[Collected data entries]

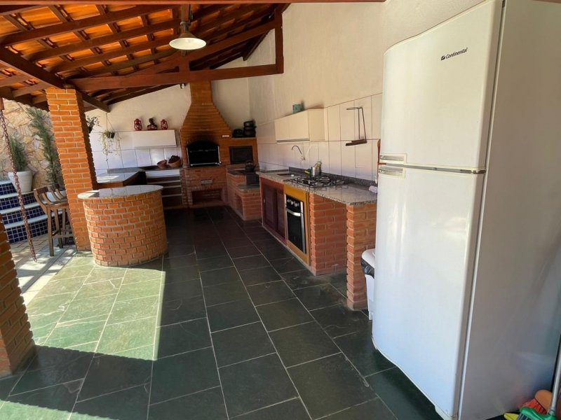 Edícula com churrasqueira, forno e fogão a lenha, forno elétrico, fogão a gás Cooktop. 2 banheiros com ducha.
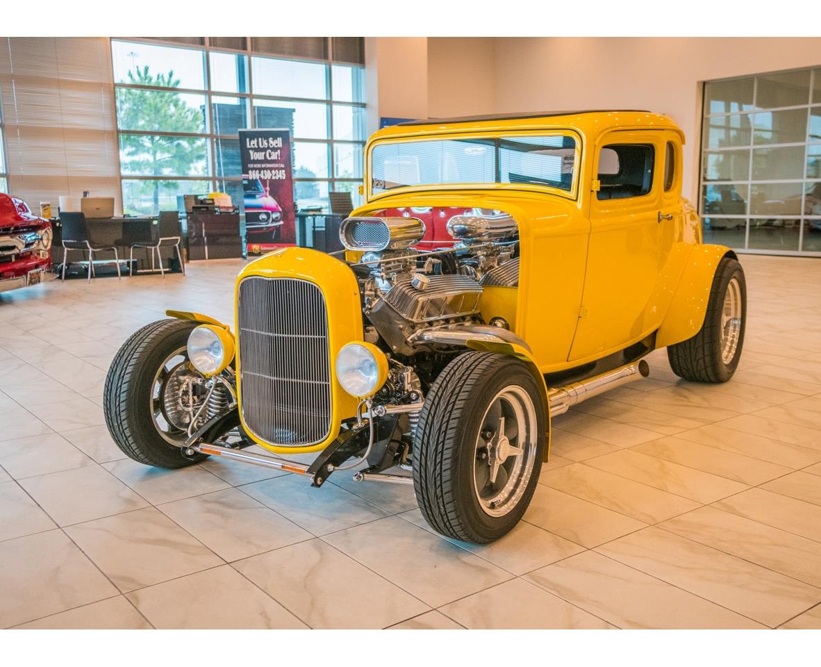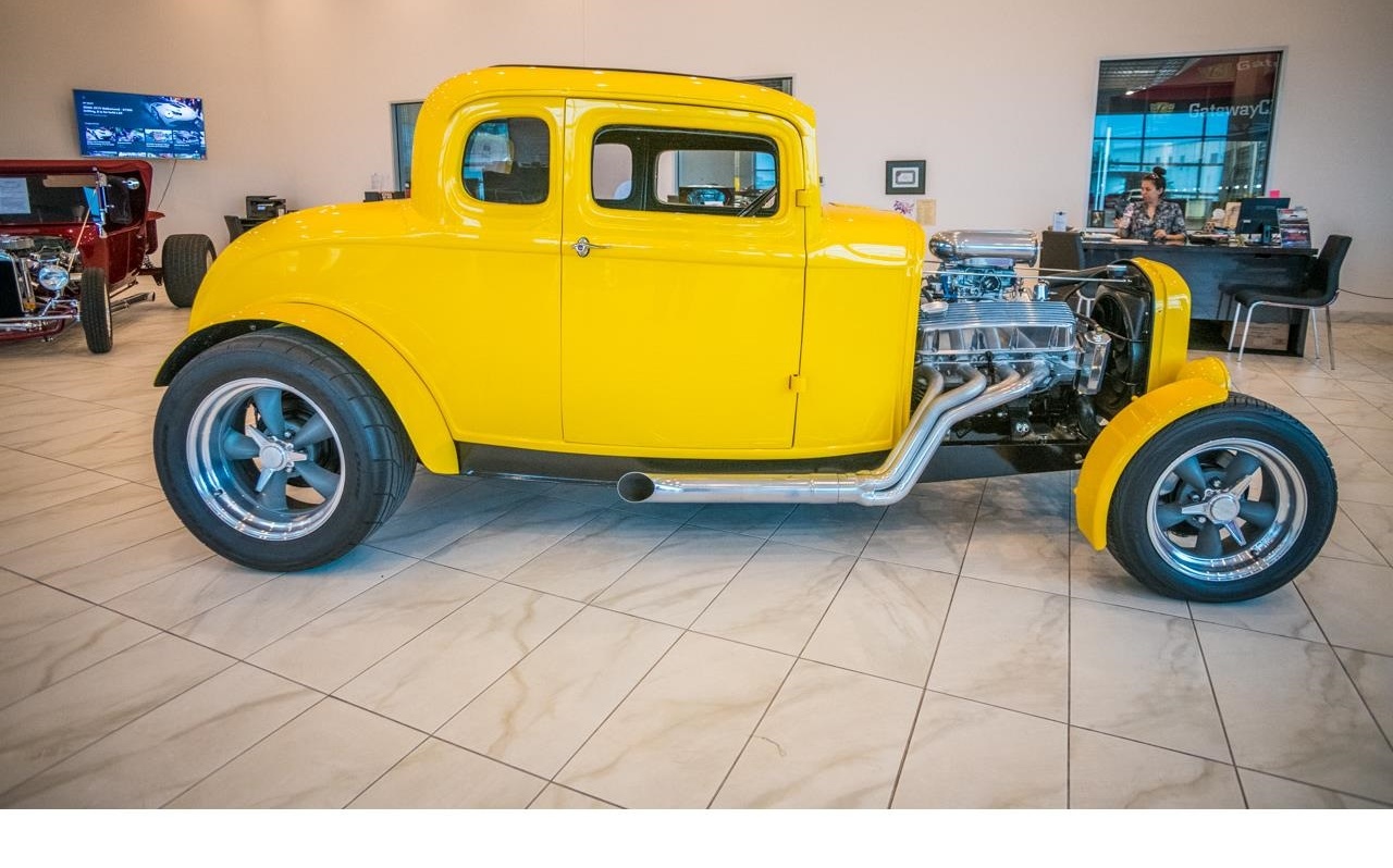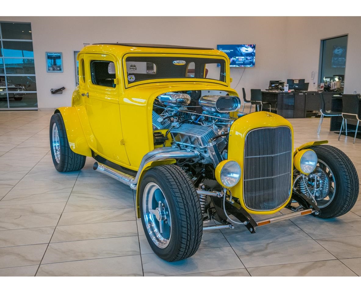 1932 Ford 5-Window Coupe. Driven by a fresh 502 CID V8 crate, power is plenty and readily available when you want to have some fun. Shift your way through the powerband with the Richmond 5-speed transmission. Controlling all the power as it gets to the ground is a Posi-trac Curri 9" rear end with 3:90 gearing. With a Heidts front end, Adjustable coil over shocks in rear, tubular upper and lower control arms, and custom tubed chassis this hotrod handles very well. Front disc brakes and drums out back provide enough to come to a solid stop in a timely manner. The exterior of this car makes it very hard to miss. A vibrant yellow paint demands attention and certainly gets it. The top has been chopped slightly but still has plenty of room for most to fit inside. The interior is nicely done in a black vinyl because everyone knows black and yellow go well with each other. Tucked alongside the passenger seat you will find a Bluetooth stereo set up which even allows phone calls for hands free driving.
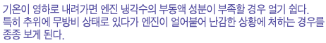 º¸Åë ³Ã°¢¼ö°¡ ¾ó¸é ¶óµð¿¡ÀÌÅ͵µ °°ÀÌ ¾î´Â ¼ö°¡ ¸¹´Ù. µû¶ó¼ ³Ã°¢¼ö¸¦ Á¡°ËÇÏÁö ¸øÇÑ »óÅ¿¡¼ ±â¿ÂÀÌ ¿µÇÏ·Î ¶³¾îÁ³´Ù¸é °ð ¹Ù·Î ½Ãµ¿À» °ÉÁö ¸»°í ³Ã°¢¼ö ĸÀ» ¿¾îº¸°Å³ª °¢Á¾ È£½º·ù¸¦ ¸¸Áö¸é¼ ¾óÀ½ÀÌ ¾ó¾îÀÖ´ÂÁö ¿©ºÎ¸¦ ÆÇ´ÜÇÑ ÈÄ ½Ãµ¿À» °Å´Â °Ô ÁÁ´Ù. ¸¸¾à ¾óÀ½ÀÌ º¸ÀÌ¸é ½Ãµ¿À» °ÉÁö ¸»°í Àü¹®°¡ÀÇ µµ¿òÀ» ¹Þ¾Æ¾ß ÇÑ´Ù. ±×·¯³ª »óȲÀÌ ¿©ÀÇÄ¡ ¸øÇÑ °æ¿ì¿£ µû¶æÇÑ ¹°À» ¿£Áø °ü·Ã ±â°ü µî¿¡ ºÎ¾î ¾óÀ½À» ³ìÀ̰ųª ½ºÆÀ ¼¼Â÷°¡ °¡´ÉÇÑ ¼¼Â÷ÀåÀ¸·Î °ßÀÎ, ¿£ÁøÀ» ³ìÀÎ ÈÄ ½Ãµ¿À» °É¾î¾ß 2Â÷ °íÀåÀ» ¸·À» ¼ö ÀÖ´Ù.
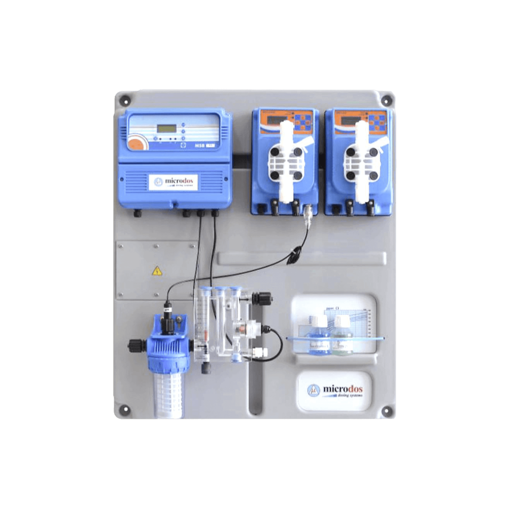 POOL GOLD professzionális pH és Cl (klór) mérő és adagoló berendezés, PVC fali panel elektromos kialakítással.
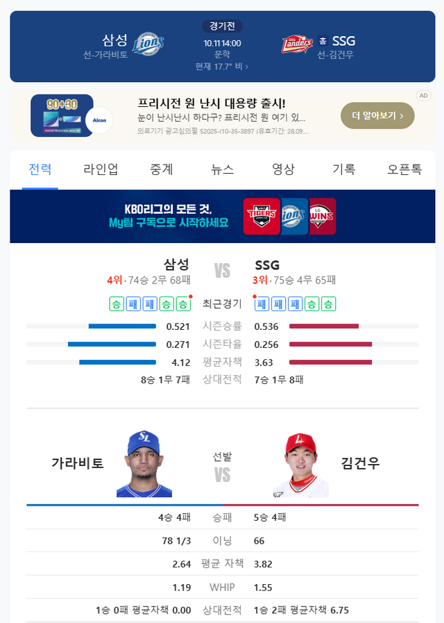 선발이 펑크가 난 SSG가 어떤 모습을 보여줄지 관건 이네요.
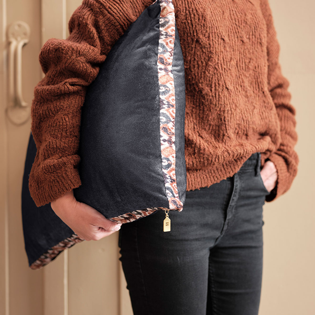 The KAAT Amsterdam Julan Anthracite Velvet Oblong Filled Cushion 40cm x 60cm is an elegant and timeless cushion, with a modern twist! The side features a vibrant ornamental print in ethnic Ikat motifs, in taupe, brown, black, grey, and white. The cushion pairs really well with the Kensi decorative pillow by KAAT Amsterdam. The backside of the cushion is in a plain anthracite colour. Decorative cushion Julan is made of 100% polyester velvet. The size is 40 x 60 cm. The cushion has a zipper at the bottom and comes with a resilient polyester inner cushion. Nice detail: the cushion has a golden puller at the zipper in the shape of an Amsterdam canal house. The cushion is not suitable for machine washing or tumble drying.

_What you need to do_.
No pictures belong in the copy. Retype exactly, and only, the lines from the line containing "선발이 펑크가 난 SSG가 어떤 모습을 보여줄지 관건 이네요." through the last line of the data, both included.

_Answer section_.
 선발이 펑크가 난 SSG가 어떤 모습을 보여줄지 관건 이네요.
 The KAAT Amsterdam Julan Anthracite Velvet Oblong Filled Cushion 40cm x 60cm is an elegant and timeless cushion, with a modern twist! The side features a vibrant ornamental print in ethnic Ikat motifs, in taupe, brown, black, grey, and white. The cushion pairs really well with the Kensi decorative pillow by KAAT Amsterdam. The backside of the cushion is in a plain anthracite colour. Decorative cushion Julan is made of 100% polyester velvet. The size is 40 x 60 cm. The cushion has a zipper at the bottom and comes with a resilient polyester inner cushion. Nice detail: the cushion has a golden puller at the zipper in the shape of an Amsterdam canal house. The cushion is not suitable for machine washing or tumble drying.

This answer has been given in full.